(Stored records)
=== Begin Enclosure ===

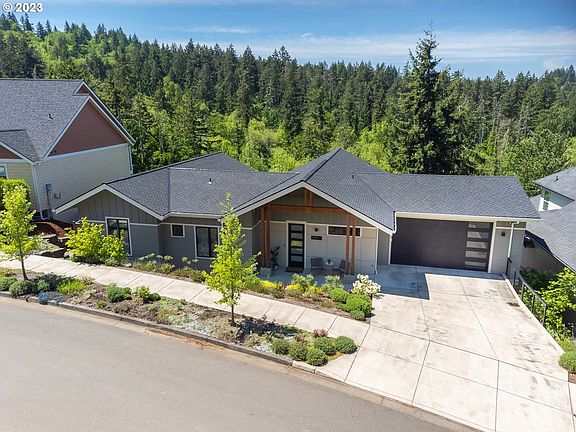 Absolutely stunning eco-friendly custom smart home! Newer construction that harmoniously blends modern luxury with sustainable living. Extremely thoughtful design includes an adaptable multi-generational suite! Step in the front door to main floor living with an open concept kitchen, dining and living room, spacious 10' ceilings, and natural light flooding through large windows, illuminating the beautiful finishes and breathtaking western views of the Pacific Northwest! Walk out the main floor covered patio to relax and take it all in. The gourmet kitchen is a delight, equipped with energy-efficient appliances (ALL included! - see Amenities Sheet!) floor-to-ceiling cabinetry, a generous island that serves as a focal point for cooking and gathering, and a butler's pantry with custom built-in shelving. Imagine hosting unforgettable dinner parties or enjoying casual family meals in this stylish and functional space. Escape to the privacy of the bedroom quarters, where you'll find three well-appointed bedrooms. The master suite is a true oasis, and two additional main floor bedrooms provide versatility and comfort. Main floor laundry is equipped with a dog/utility wash, and included LG washer, pedestal washer and dryer. Main floor also includes a mudroom with built-in shelving, and an extended garage. Downstairs you'll find the bonus/rec room with beautiful views, and continue on to the MIL quarters with its own bedroom, full bath and kitchen including high-end stainless steel appliances. You'll be thrilled to walk out to the screened-in lower level porch, which leads to a large leveled area of grass and mature fruit trees throughout the property! Walk to the end of the gravel path to find a custom fort for all kinds of creativity. Located in a highly desirable neighborhood, this custom home offers the perfect balance of serenity, sustainability and convenience. Enjoy easy access to local amenities, top rated schools, and the University of Oregon.
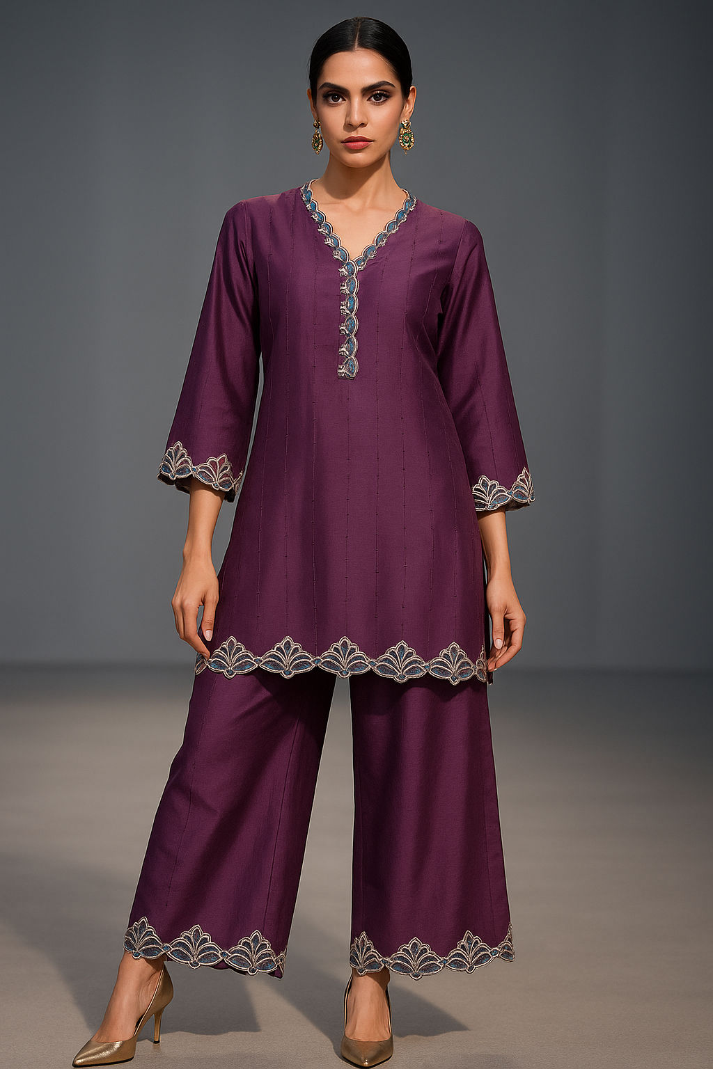 Add a royal touch to your festive style with this ROYAL MAUVE PLAZZO SET. Featuring delicate thread embroidery on the neckline, sleeves, and hemline, this outfit is a perfect blend of charm and elegance. The rich fabric gives it a festive sheen, making it ideal for family functions, parties, or festive occasions.
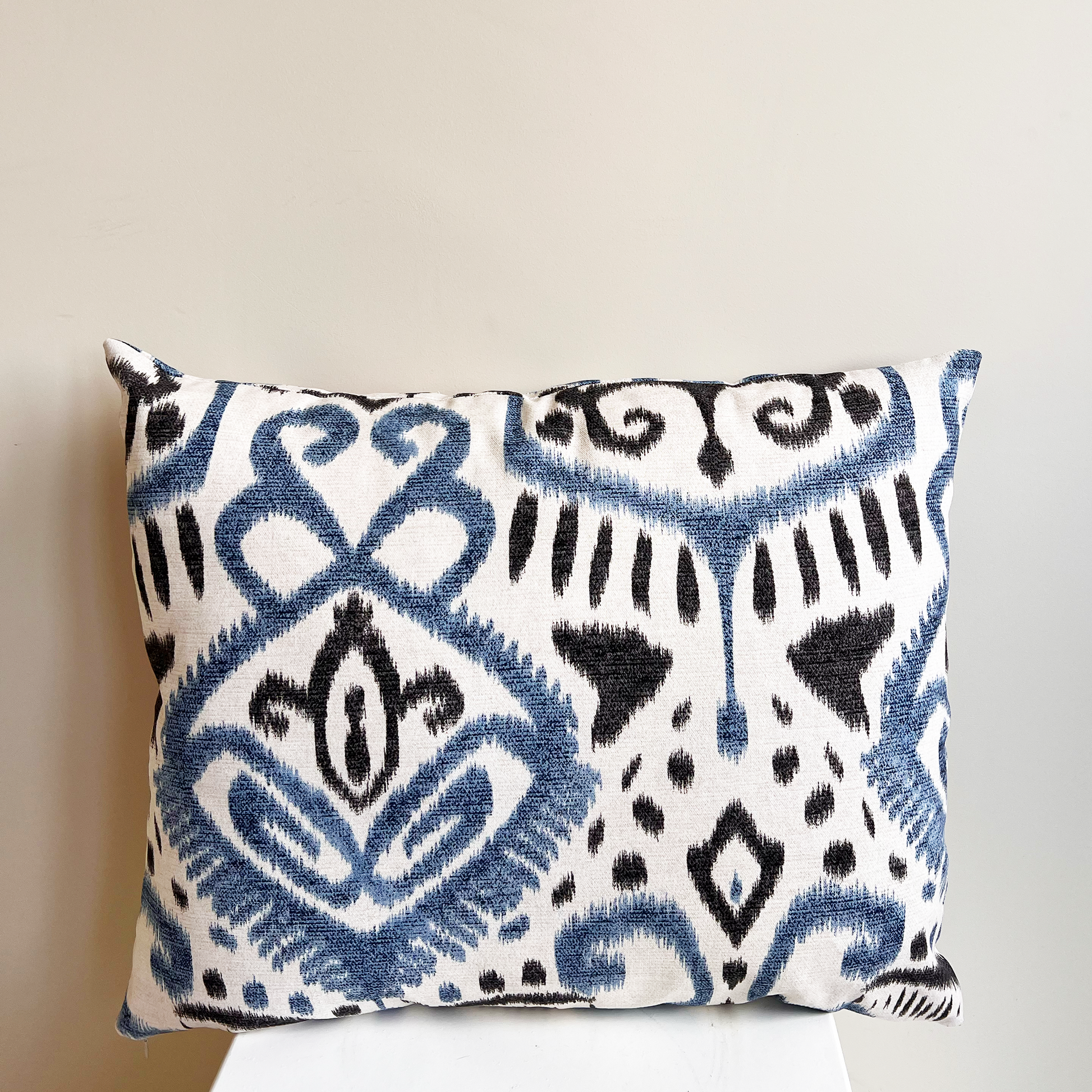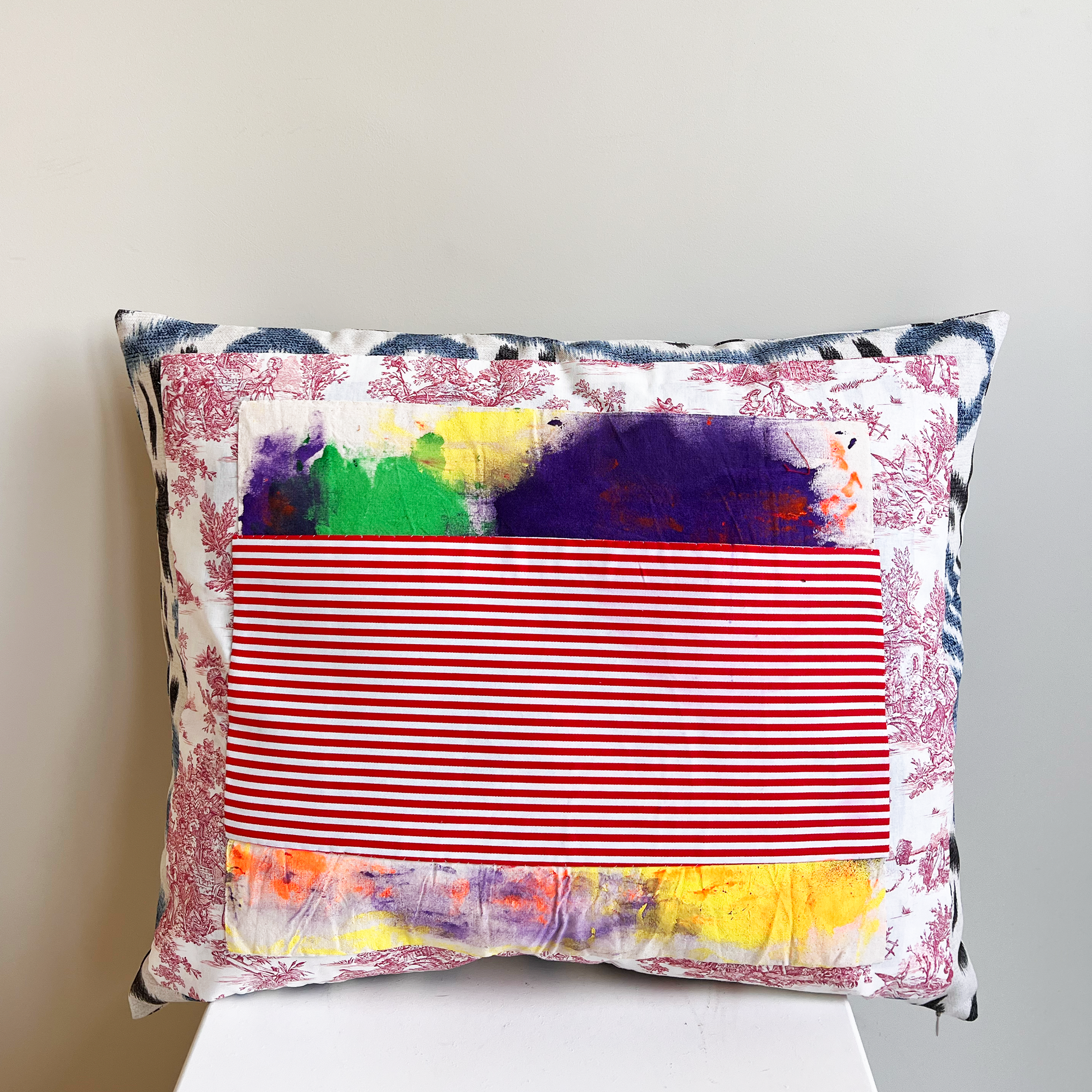 Large sized cushion made of Batik combined with Toile de Jouy fabric.
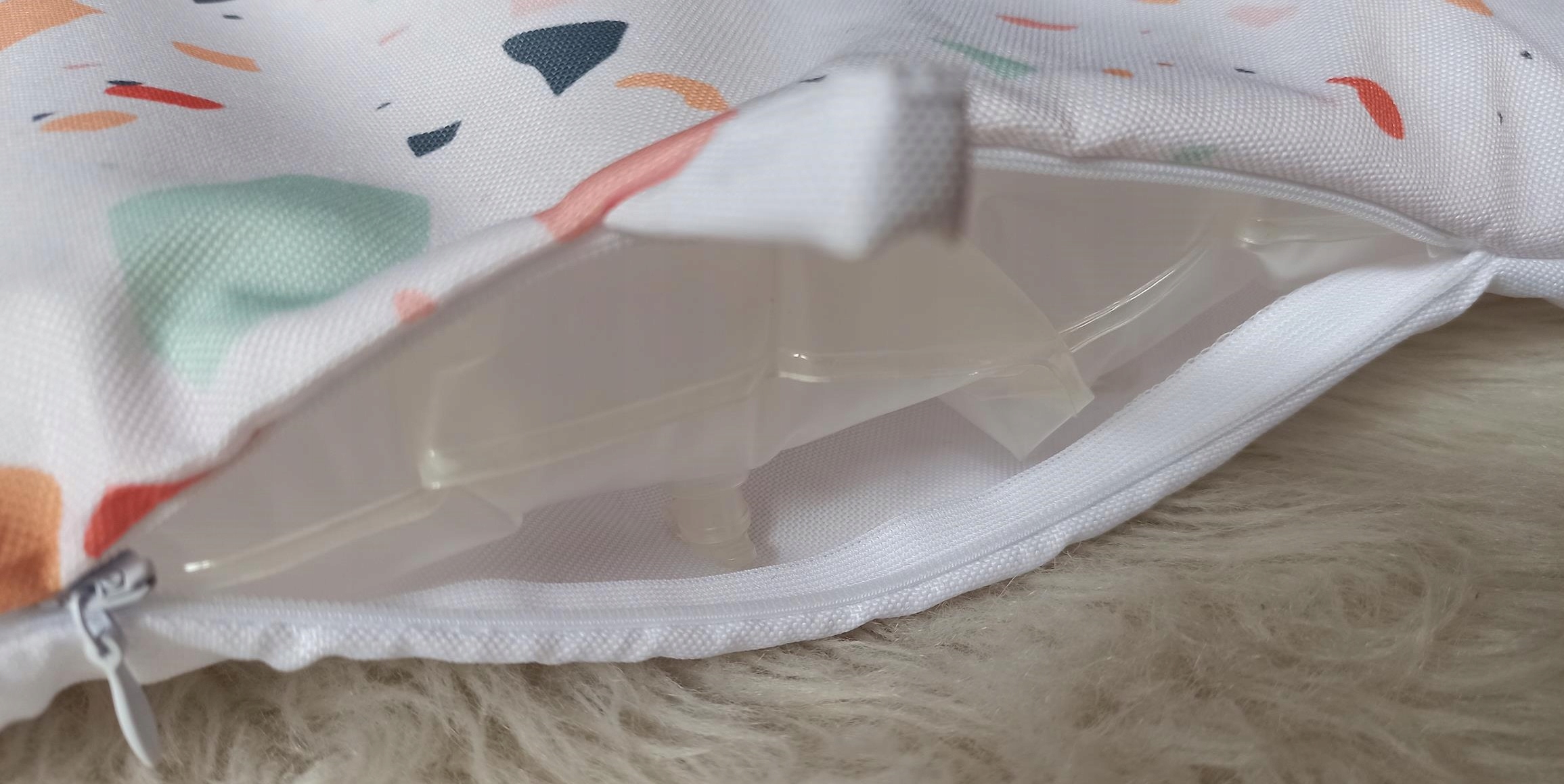 Подушка застегивается на длинную закрытую молнию.
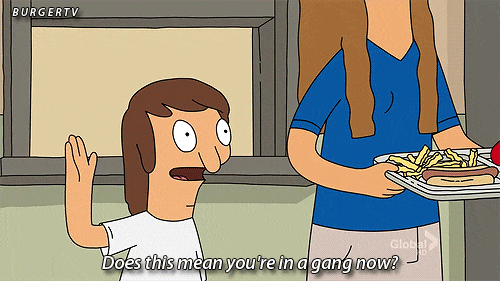 As of April 25th, my boyfriend and I will be celebrating two years of being together. Now I know there are people who have been in relationships for a lot longer than that (those weirdos who've been dating the same person since freshman year of high school, for example). This probably seems like a drop in the bucket for you veterans of the dating world. But for me, two years is a long damn time, and I'm proud as hell of the relationship my boyfriend and I have cultivated. Originally, I was going to make a really sappy post about how precious these two years have been, how lucky I feel, etc. But then I decided to do something better. So here's my two-year relationship (and to some extent any relationship of equal length) as described by Bob's Burgers GIFs. I hope you enjoy them as much as we enjoy binge-watching this magical show!
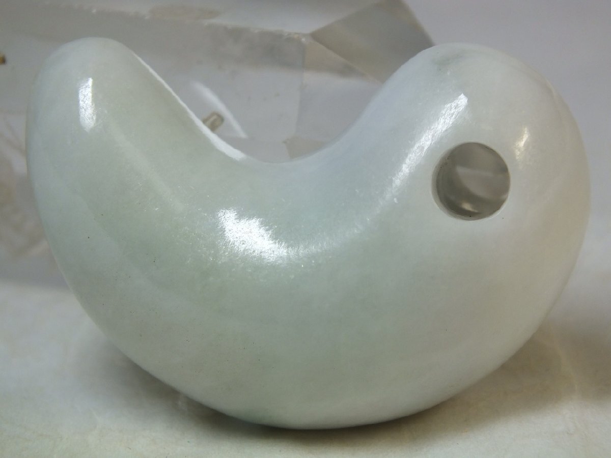 ▲商品説明▲ | サイズ:50×33×厚23mm 重さ:61.7g 糸魚川翡翠は日本翡翠独特な落ち着いた石質で、最近では入手困難になりつつある希少品です。石コレクションやアクセ作り、下げ飾り等に。 ※当方の糸魚川翡翠は、新潟のヒスイ海岸に打ち上げられた小翡翠です。地元の職人さんにより、手磨きで作られた貴重な勾玉で、当サイトでも数に限りがある人気商品です。 ☆商品につきましては注意を払った検品を行っておりますが、稀に石の表面に彫りとは違うクラック状の筋や窪みが見受けられる場合が御座います。それは石本来の石紋で傷ではありません(割れが生じ易いヒビではありません)。返品の対象にはなりませんのでその旨御了承の上、ご検討下さい。 |
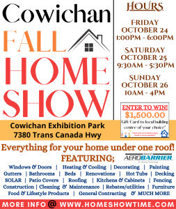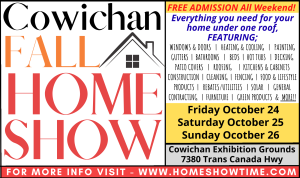The weekend of October 24-26 marks the 31st Anniversary of the Cowichan Valley Fall Home Show. The Cowichan Valley’s #1 event for your house & home; Connect with experts in home improvements, renovations, décor, design, and so much more. You’ll find the products, services, show specials and samples you need to make your projects come to life!
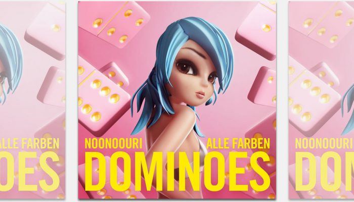 Na debitantskom singlu “Dominoes”, Noonoouri se pridružuje popularni Alle Farben, DJ i producent koji broji gotovo 6 miliona mjesečnih slušatelja na Spotifyju te stoji iza velikih hitova poput “Music Sounds Better With You”, “Good Morning” i “Supergirl” od kojih neki prelaze i 100 miliona Spotify streamova.
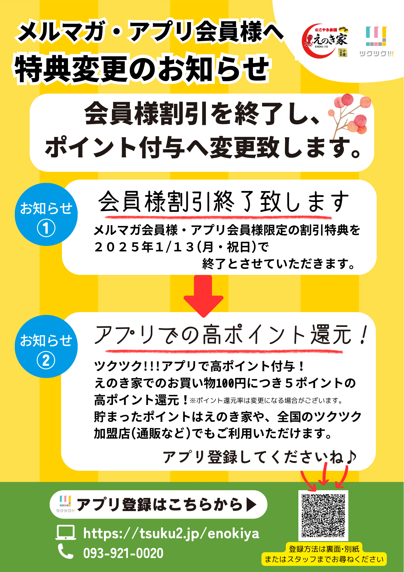 現在、メルマガ会員様・アプリ会員様には「たこ焼き・えび焼き・焼きそばなど、通常1パック500円〜を、会員様限定で1パック400円、2パック800円、3パック1,100円にてご提供」しておりましたが、こちらの割引き特典を2025年1月13日(月)にて終了とさせていただきます🙇🏻♂️🙇🏻♀️
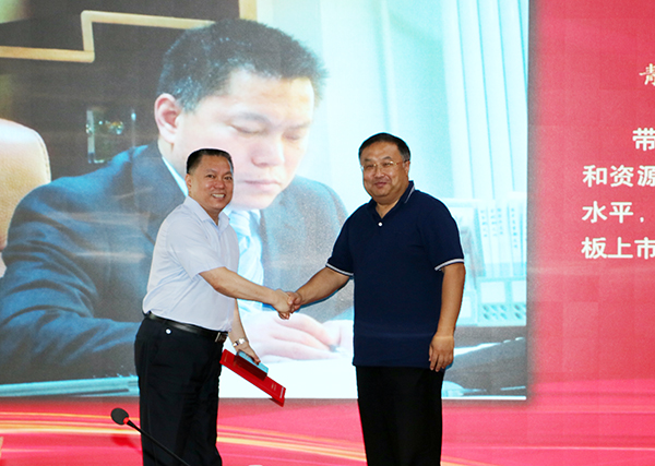 上,逯鷹部長向董事長張新功頒發了“新區成立5周年突出貢獻人物”和“山東省優秀共產黨員”的證書及獎牌,并對他帶領企業突破化工固廢無害化處理和資源化利用關鍵技術的突出貢獻表示肯定。
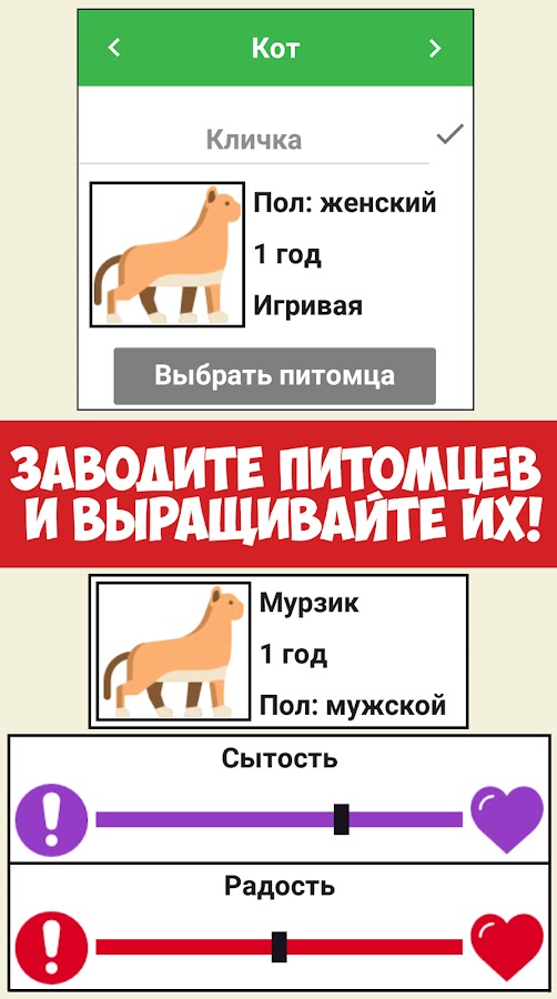 — ВЫРАЩИВАЙТЕ и заботьтесь о своих домашних питомцах. Имеется множество домашних питомцев, начиная от котов и заканчивая черепашками. Ваши питомцы постоянно растут, поэтому не забудьте за ними ухаживать и кормить!
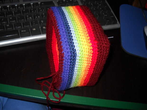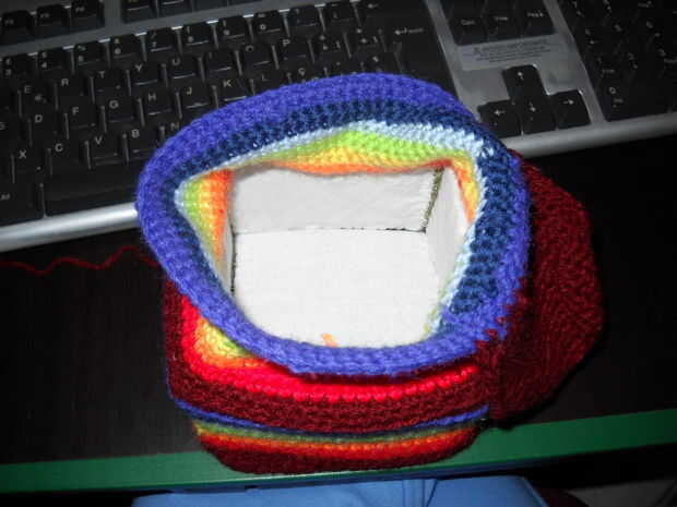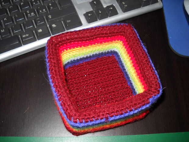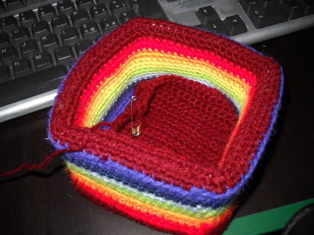 Vi las esquinas y los laterales, la parte interior con el exterior. Esto es simple porque con ganchillo no se verán las puntadas.

=== End Enclosure ===

Task details: Starting at the line above that holds "The weekend of", return each line up to and including the one that holds "Na debitantskom singlu", exactly as written, minus any pictures.

Result for this exercise:
The weekend of October 24-26 marks the 31st Anniversary of the Cowichan Valley Fall Home Show. The Cowichan Valley’s #1 event for your house & home; Connect with experts in home improvements, renovations, décor, design, and so much more. You’ll find the products, services, show specials and samples you need to make your projects come to life!
 Na debitantskom singlu “Dominoes”, Noonoouri se pridružuje popularni Alle Farben, DJ i producent koji broji gotovo 6 miliona mjesečnih slušatelja na Spotifyju te stoji iza velikih hitova poput “Music Sounds Better With You”, “Good Morning” i “Supergirl” od kojih neki prelaze i 100 miliona Spotify streamova.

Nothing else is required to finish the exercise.